• **PROVIDED DATA**:
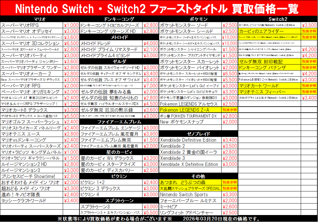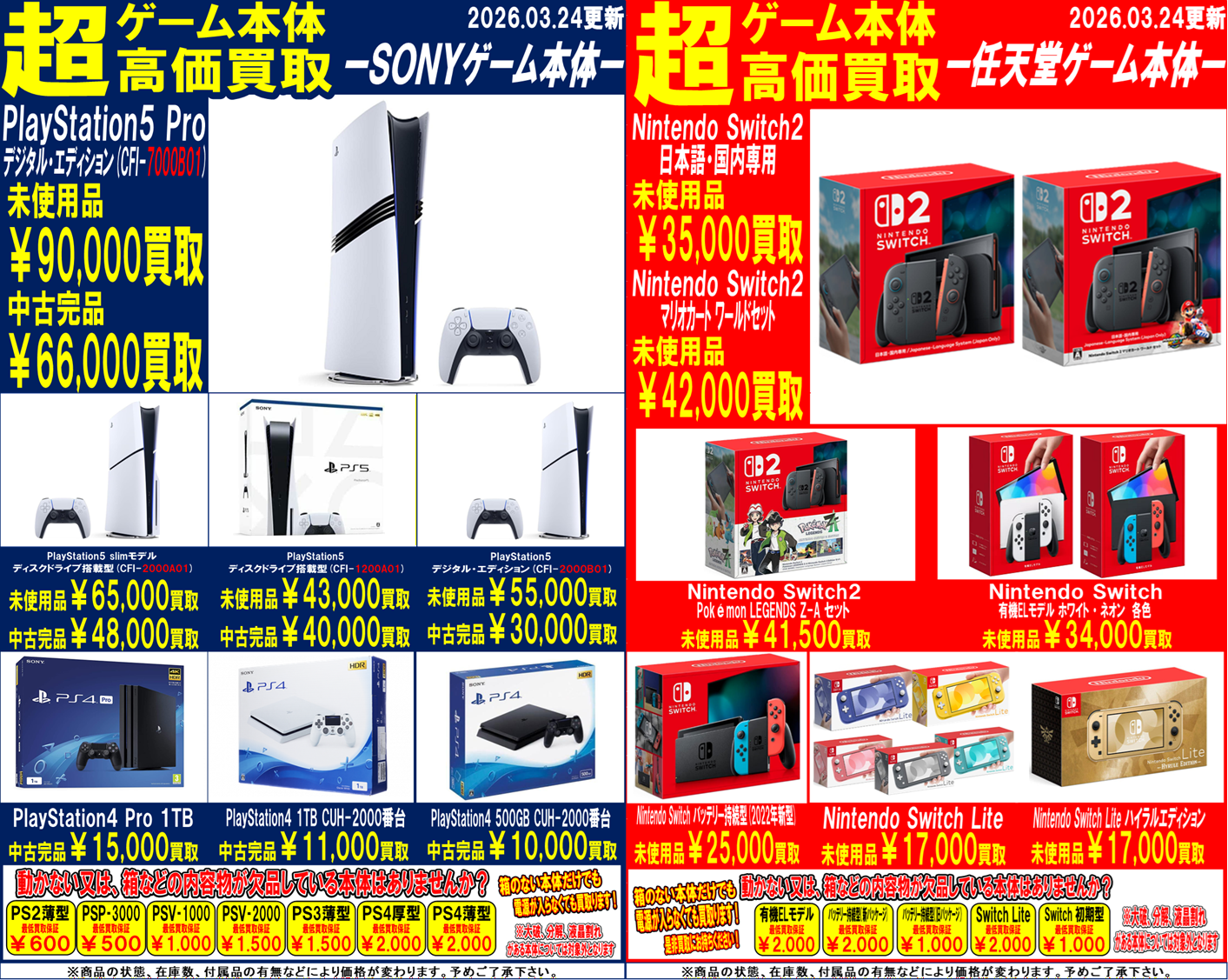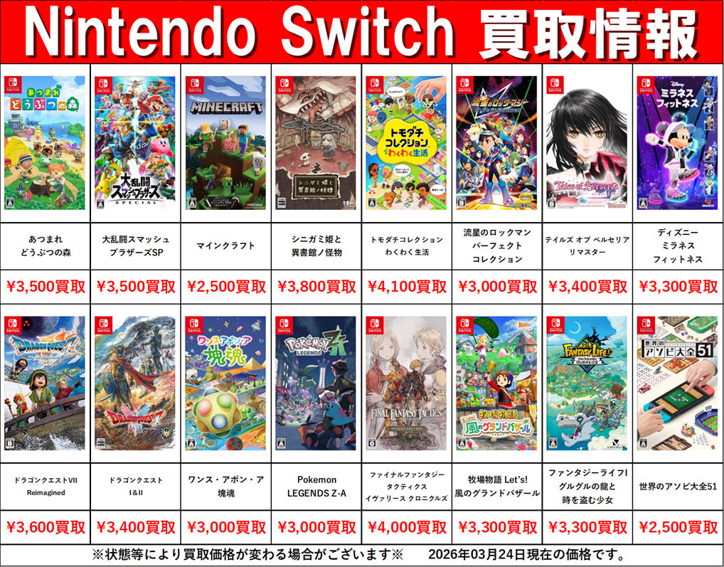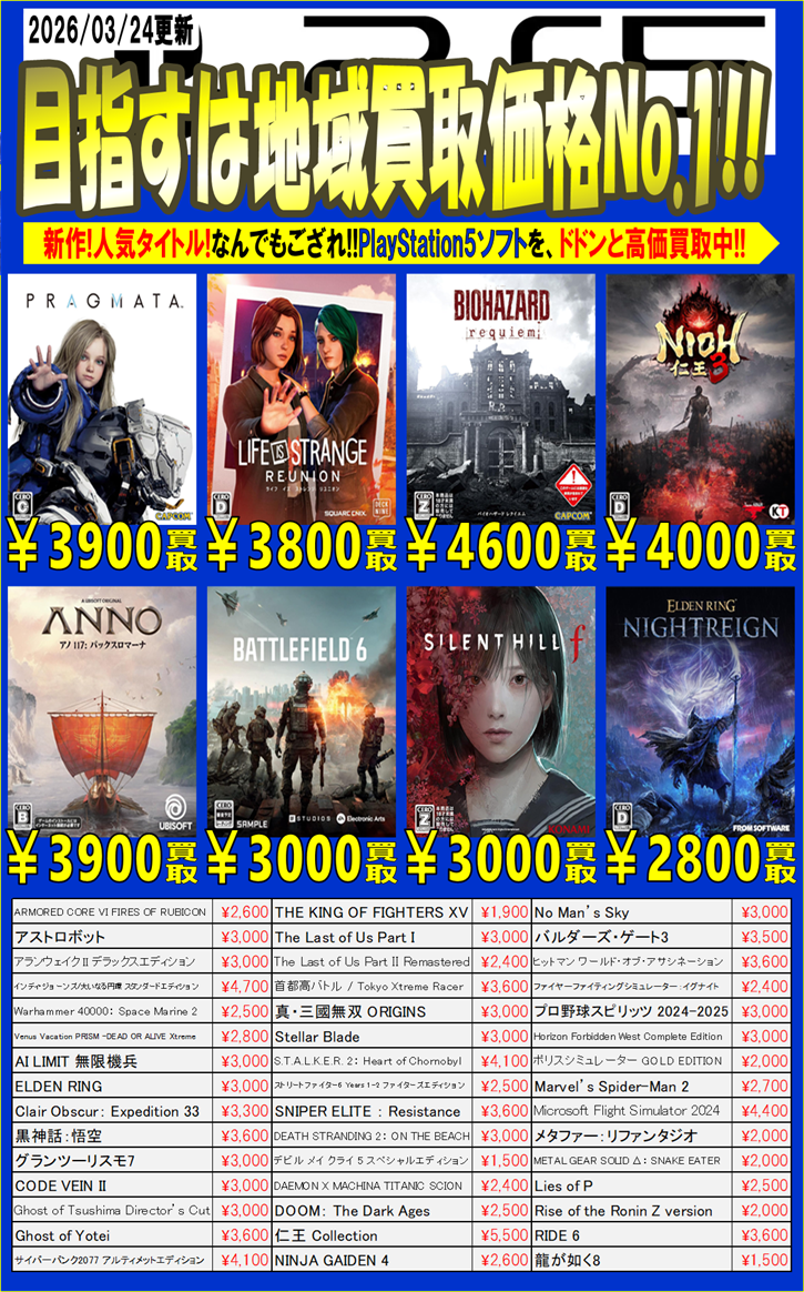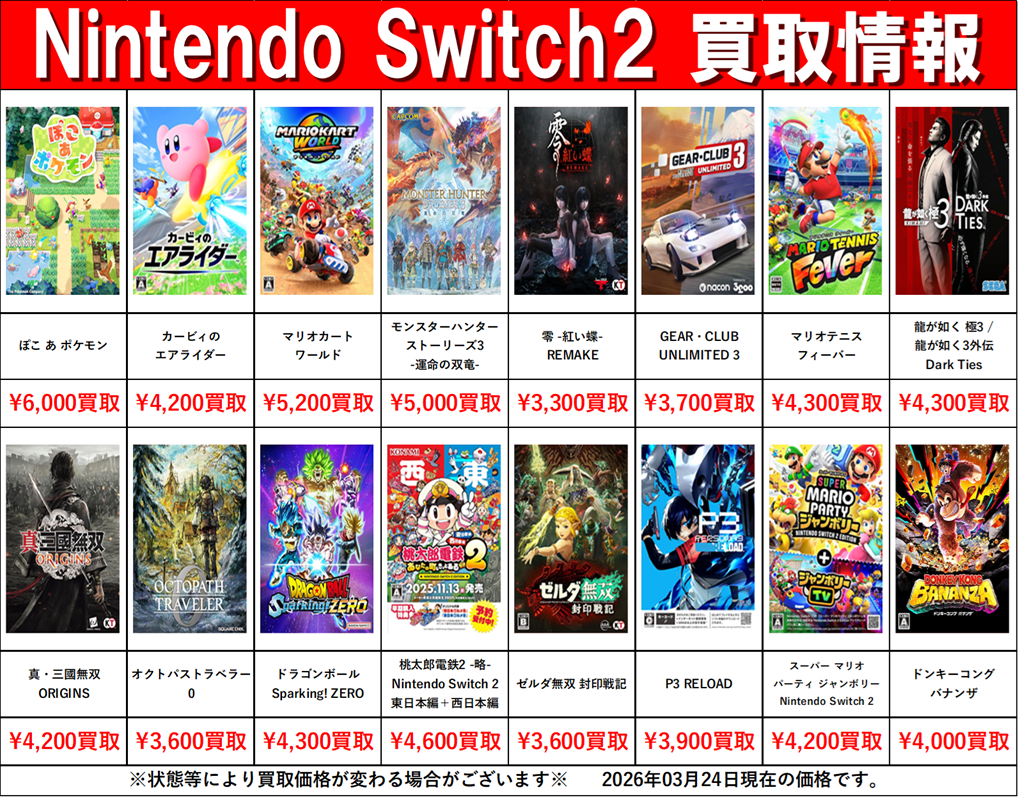 【Switch・Switch2】03月24日:ゲーム部門買取告知【PS5】
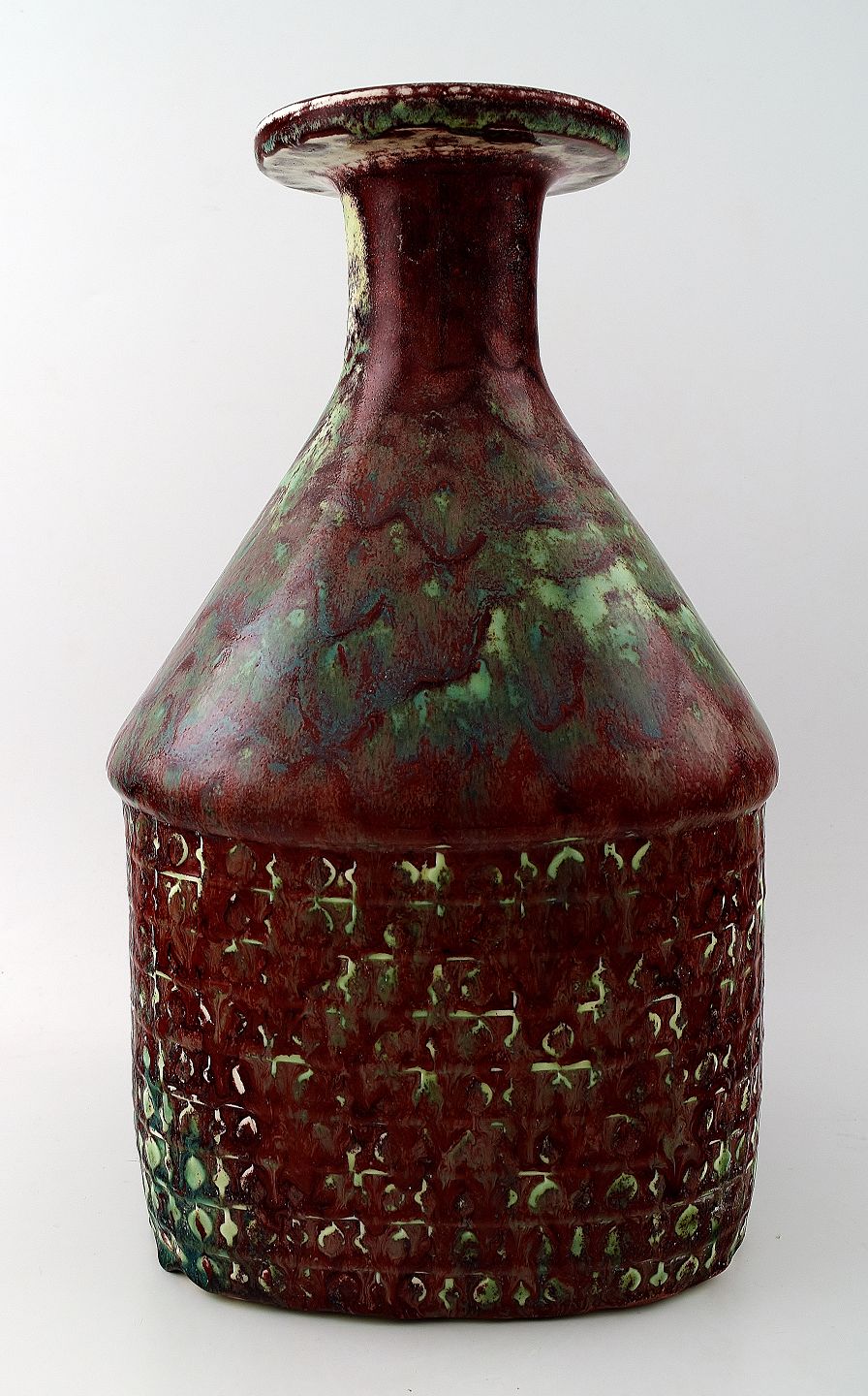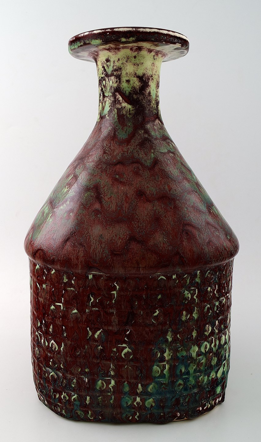 Large Stig Lindberg (1916-1982), Gustavsberg Studio art pottery vase. Aniara glaze, 1960s. Stamped with Studio Hand. Measures 34 cm. x 21 cm. In perfect condition.
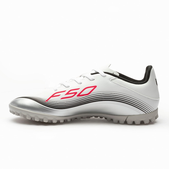 O solado de borracha com sulcos proporciona tração eficiente em gramados sintéticos, permitindo mudanças rápidas de direção com controle.
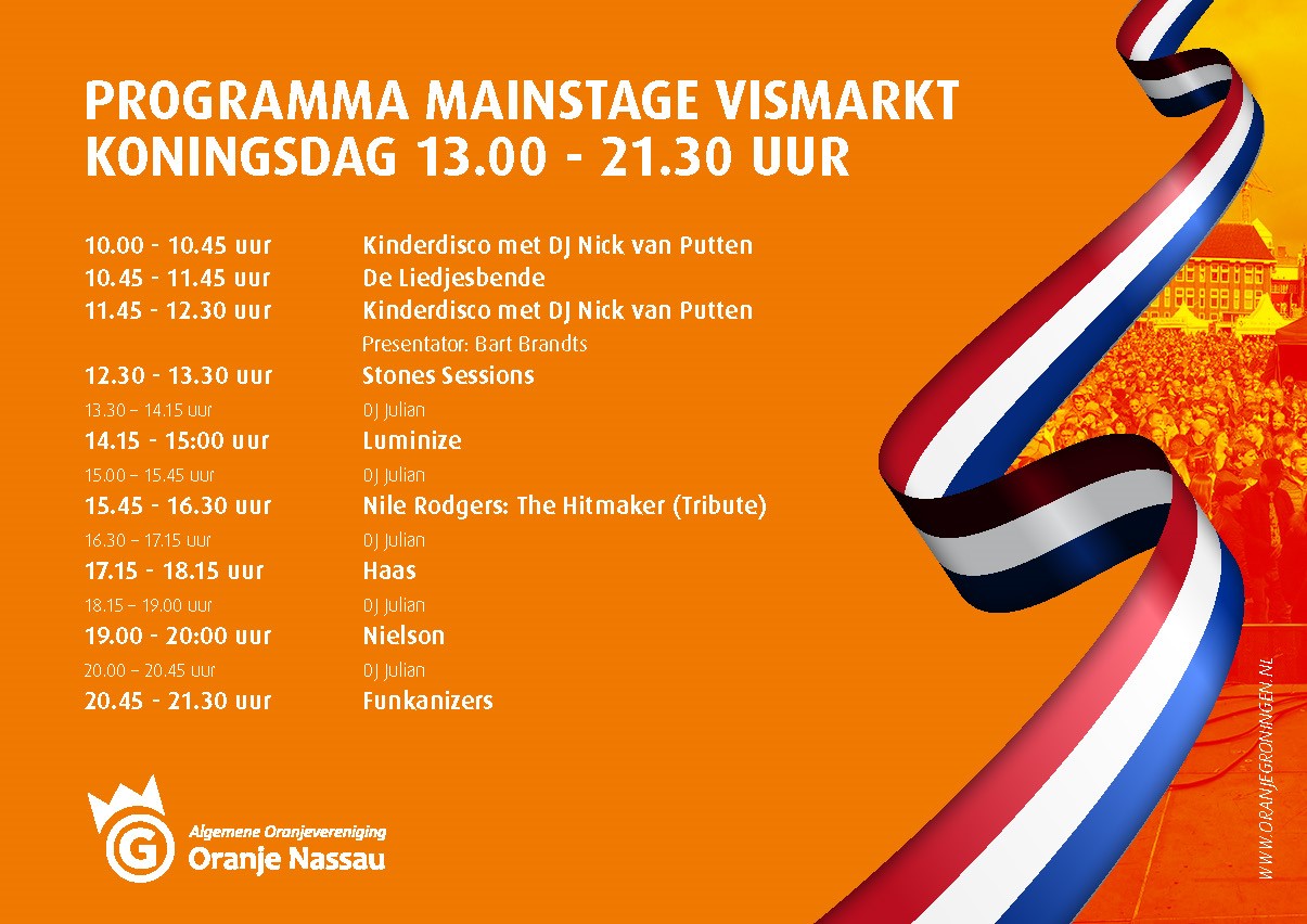Naast Nielson en Mooi Wark zijn er tijdens het oranjefeest ook optredens van Luminize, Nile Rodgers, Haas, Funkanizers, Badaboem, Boulevard en Luftwaffel. Bekijk hieronder het schema.

• **WORK TO COMPLETE**: Only the lines from where the data begins to the line with "Large Stig Lindberg", both of them included, should be reproduced word for word; no pictures.

• **PROBLEM SOLUTION**:
 【Switch・Switch2】03月24日:ゲーム部門買取告知【PS5】
 Large Stig Lindberg (1916-1982), Gustavsberg Studio art pottery vase. Aniara glaze, 1960s. Stamped with Studio Hand. Measures 34 cm. x 21 cm. In perfect condition.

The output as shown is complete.